One of the photographs shows a stenciled white five painted on something metal that was painted blue. You know it is painted metal because in the middle of the five there is a bit of peeling paint, and a rusty streak underneath it. It looks like someone was shot.
5 (Murder by Numbers) was a mix tape released by American rapper 50 Cent in 2012. It was supposed to be the full-length follow-up to 2009’s
Before I Self-Destruct, but was at the last minute relegated to a ten-track shorter cut. The chorus of “Business Mind” sticks hard: “I got a business mind—that block is mine / That brick and them Glocks is mine.”
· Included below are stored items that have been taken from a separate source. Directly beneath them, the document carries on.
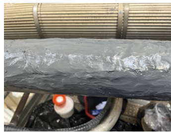
After application of Belzona 1212.
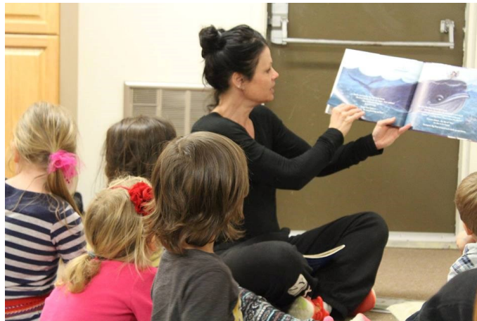
A few programs, such as our children's Raising Readers Program, ran the whole school year without any interruptions,
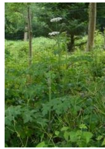
April-Nov - path edges Tall - Leaves - large, pinnate Flowers - tiny, in large umbels
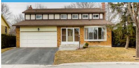
Large Bakerdale 4 Bedroom

50 Bakerdale Rd - Great value in desirable Milne Conservation area. This 4 bedroom home features over 2,200 sq. ft., finished basement and 50 Yr Steel Shingles. Walk to Roy H. Crosby and St. Pats. Asking $799,000
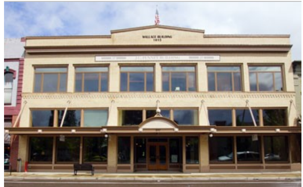
J.C. Penney Building, Renovated 2009 - 2010 using $700,000 from the city's Urban Renewal District.

One of the photographs has a sans serif five with a thick arrow on its right pointing southeast. To be more precise: it’s pointing to five o’clock. It looks to be directing us to a lower floor. Is it background to a scene in a movie where the character needs to run down stairs to escape whoever is following her. Is this the story where she makes it, or where she dies on three?
Every security password I have uses the number five. Every wager I make includes the number five. If I meet you and five is in your birthday it is possible we may get serious fast. Five is not my lucky number. It is my geomagnetic pole. One of the photographs shows an arm that looks like a mobile crane with the boom latticed by a Demuth five. That arm is mine.
We have five senses. We can try to divide them, to close our eyes and savor a bite, to link hands in the dark. We can take a photograph, and look at it: a distillation of our visual attention. But the other senses rise up—jealous, maybe, at all that attention—and contaminate any effort at purity. When we taste something, we smell it in our noses and we feel it on our tongue. In the end, five is indivisible.
Manias can seem to blanch the selected object of its arousal into a thing more handled than felt. But these photographs avoid that fate. Their gathering is a spur to feeling, not its attenuation. If you let yourself, you can fall into the crevices they expose. With their focus and discipline, their order and humor, their methodical clarity and adventitious appearance, these photographs ask you to think about why your eye catches on some things and not others. Why you attend to that one thing, but never noticed something else.
These photographs don’t ask you to pay attention. They suggest, instead, that it’s time to get obsessed. Go out, go. Find your 5.